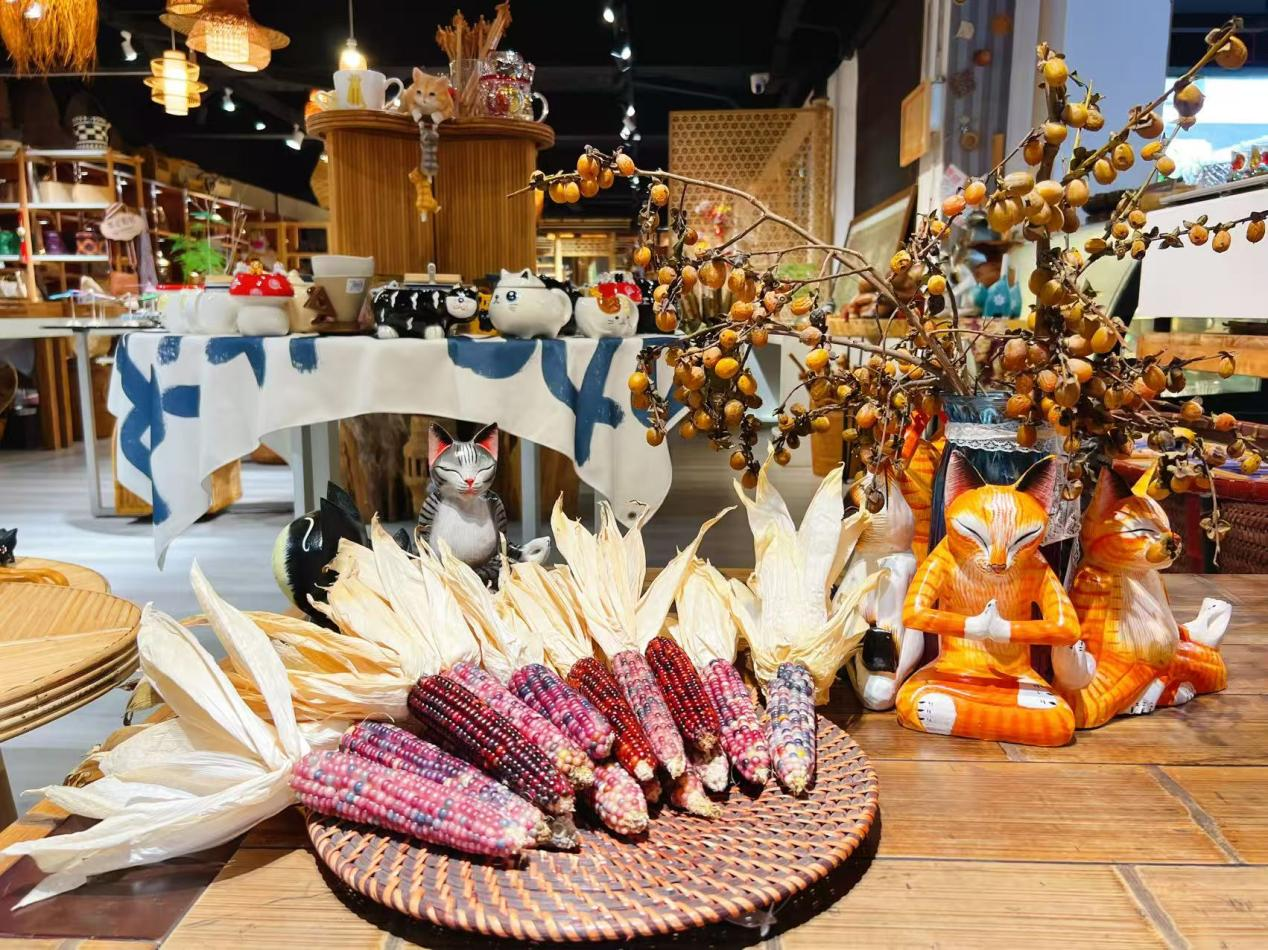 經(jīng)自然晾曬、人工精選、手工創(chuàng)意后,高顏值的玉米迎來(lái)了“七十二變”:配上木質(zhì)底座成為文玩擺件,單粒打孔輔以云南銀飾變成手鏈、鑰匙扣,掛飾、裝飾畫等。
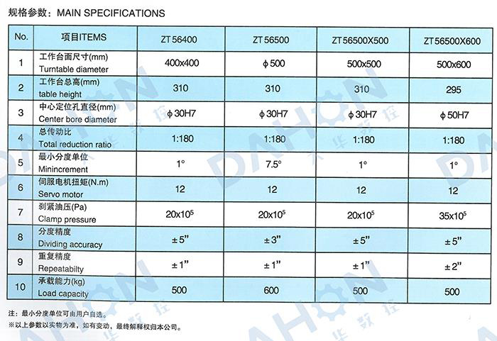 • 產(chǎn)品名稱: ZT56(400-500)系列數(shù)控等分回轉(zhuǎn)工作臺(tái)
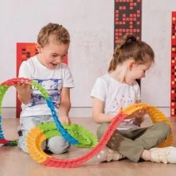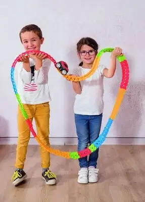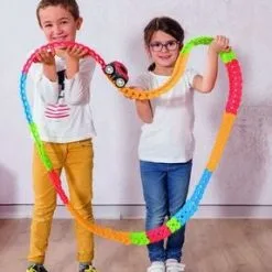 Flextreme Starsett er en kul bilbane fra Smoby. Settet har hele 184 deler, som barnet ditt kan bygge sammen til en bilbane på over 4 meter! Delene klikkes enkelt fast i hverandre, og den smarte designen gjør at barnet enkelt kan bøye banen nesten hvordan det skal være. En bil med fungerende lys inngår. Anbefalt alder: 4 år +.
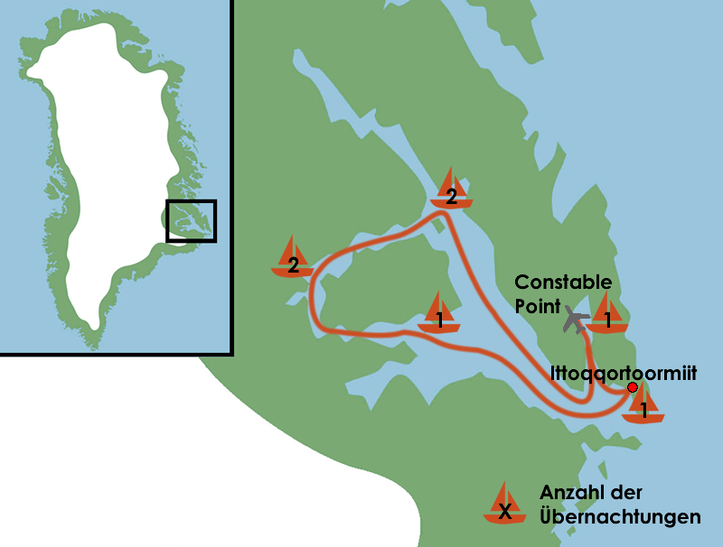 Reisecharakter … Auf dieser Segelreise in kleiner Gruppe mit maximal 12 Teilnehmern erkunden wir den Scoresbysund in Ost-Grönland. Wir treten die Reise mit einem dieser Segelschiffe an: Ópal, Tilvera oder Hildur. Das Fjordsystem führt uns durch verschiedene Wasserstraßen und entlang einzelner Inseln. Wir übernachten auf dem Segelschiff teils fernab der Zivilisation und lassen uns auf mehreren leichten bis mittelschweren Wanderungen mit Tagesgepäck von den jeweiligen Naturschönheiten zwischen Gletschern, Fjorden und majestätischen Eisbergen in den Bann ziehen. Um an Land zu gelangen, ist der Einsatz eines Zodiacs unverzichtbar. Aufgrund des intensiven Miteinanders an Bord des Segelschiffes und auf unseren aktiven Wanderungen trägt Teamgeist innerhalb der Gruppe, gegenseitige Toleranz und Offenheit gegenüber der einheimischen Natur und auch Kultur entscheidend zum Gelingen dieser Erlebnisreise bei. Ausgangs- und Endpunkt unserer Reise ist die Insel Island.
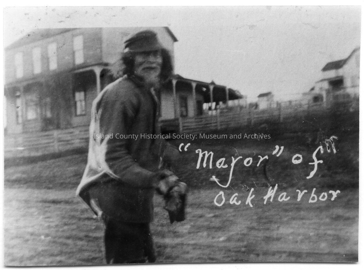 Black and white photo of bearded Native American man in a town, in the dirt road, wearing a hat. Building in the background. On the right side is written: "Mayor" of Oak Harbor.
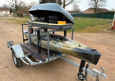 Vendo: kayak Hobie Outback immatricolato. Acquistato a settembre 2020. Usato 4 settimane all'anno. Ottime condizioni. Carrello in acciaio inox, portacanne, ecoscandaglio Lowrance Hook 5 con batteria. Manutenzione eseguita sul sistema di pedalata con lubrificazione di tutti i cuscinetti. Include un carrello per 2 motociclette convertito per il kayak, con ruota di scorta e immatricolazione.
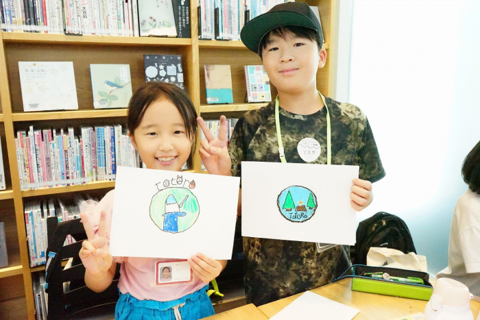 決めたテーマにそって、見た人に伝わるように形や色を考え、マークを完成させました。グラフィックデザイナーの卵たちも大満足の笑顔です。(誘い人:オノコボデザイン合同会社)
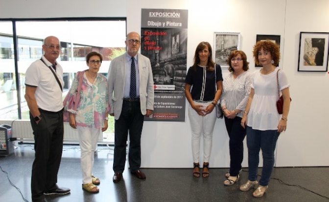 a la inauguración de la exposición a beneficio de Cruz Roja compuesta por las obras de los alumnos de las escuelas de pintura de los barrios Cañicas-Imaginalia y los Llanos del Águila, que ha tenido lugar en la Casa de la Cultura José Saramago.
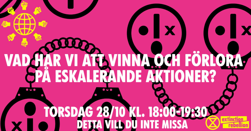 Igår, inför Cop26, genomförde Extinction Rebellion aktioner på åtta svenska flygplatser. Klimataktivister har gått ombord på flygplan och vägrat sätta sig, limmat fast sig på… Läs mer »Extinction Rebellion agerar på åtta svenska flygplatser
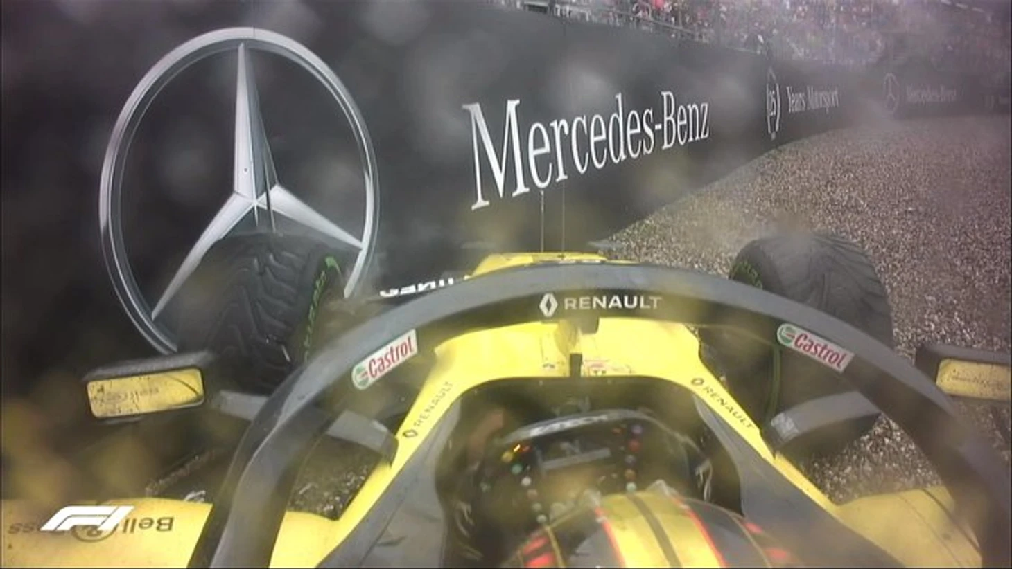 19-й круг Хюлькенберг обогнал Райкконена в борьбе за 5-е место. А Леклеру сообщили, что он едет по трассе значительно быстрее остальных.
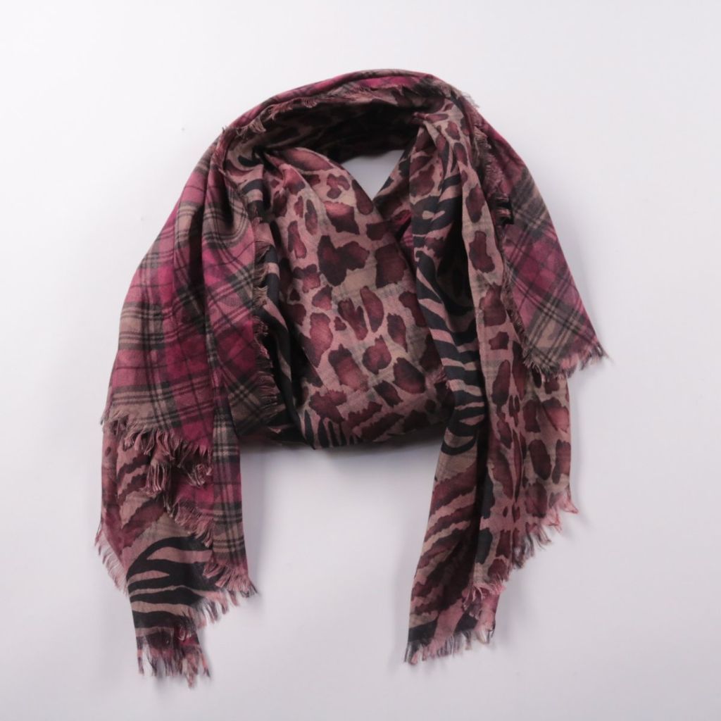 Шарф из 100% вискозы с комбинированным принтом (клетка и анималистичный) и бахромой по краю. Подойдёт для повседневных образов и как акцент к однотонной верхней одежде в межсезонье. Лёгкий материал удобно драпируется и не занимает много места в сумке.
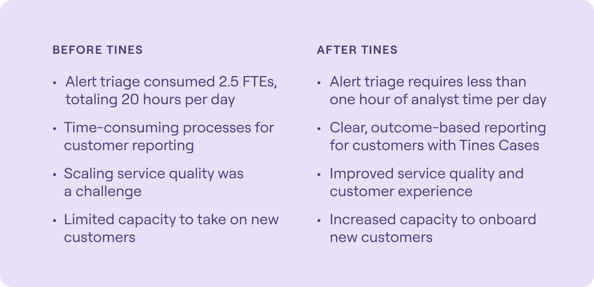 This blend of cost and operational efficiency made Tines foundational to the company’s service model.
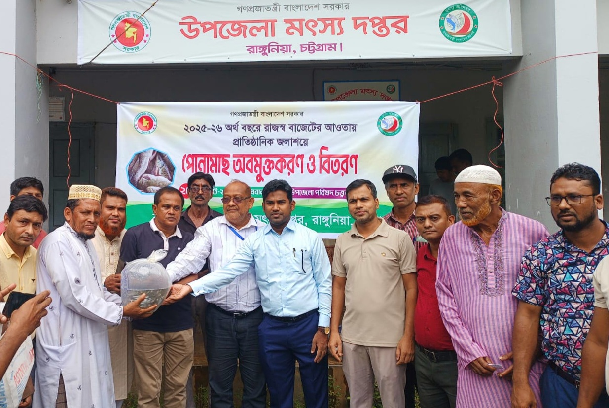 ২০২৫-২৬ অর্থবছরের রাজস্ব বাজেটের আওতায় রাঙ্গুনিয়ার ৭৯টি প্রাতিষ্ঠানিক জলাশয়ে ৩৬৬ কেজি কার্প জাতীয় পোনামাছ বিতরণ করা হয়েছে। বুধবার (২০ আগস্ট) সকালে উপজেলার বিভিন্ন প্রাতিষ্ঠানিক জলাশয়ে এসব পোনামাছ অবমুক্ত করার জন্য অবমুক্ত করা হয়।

= = = =

**Instructions to follow:** Copy exactly, and only, the lines from the line containing "This blend of" through the final line of the material above, with no pictures.

**Solution for this exercise:**
 This blend of cost and operational efficiency made Tines foundational to the company’s service model.
 ২০২৫-২৬ অর্থবছরের রাজস্ব বাজেটের আওতায় রাঙ্গুনিয়ার ৭৯টি প্রাতিষ্ঠানিক জলাশয়ে ৩৬৬ কেজি কার্প জাতীয় পোনামাছ বিতরণ করা হয়েছে। বুধবার (২০ আগস্ট) সকালে উপজেলার বিভিন্ন প্রাতিষ্ঠানিক জলাশয়ে এসব পোনামাছ অবমুক্ত করার জন্য অবমুক্ত করা হয়।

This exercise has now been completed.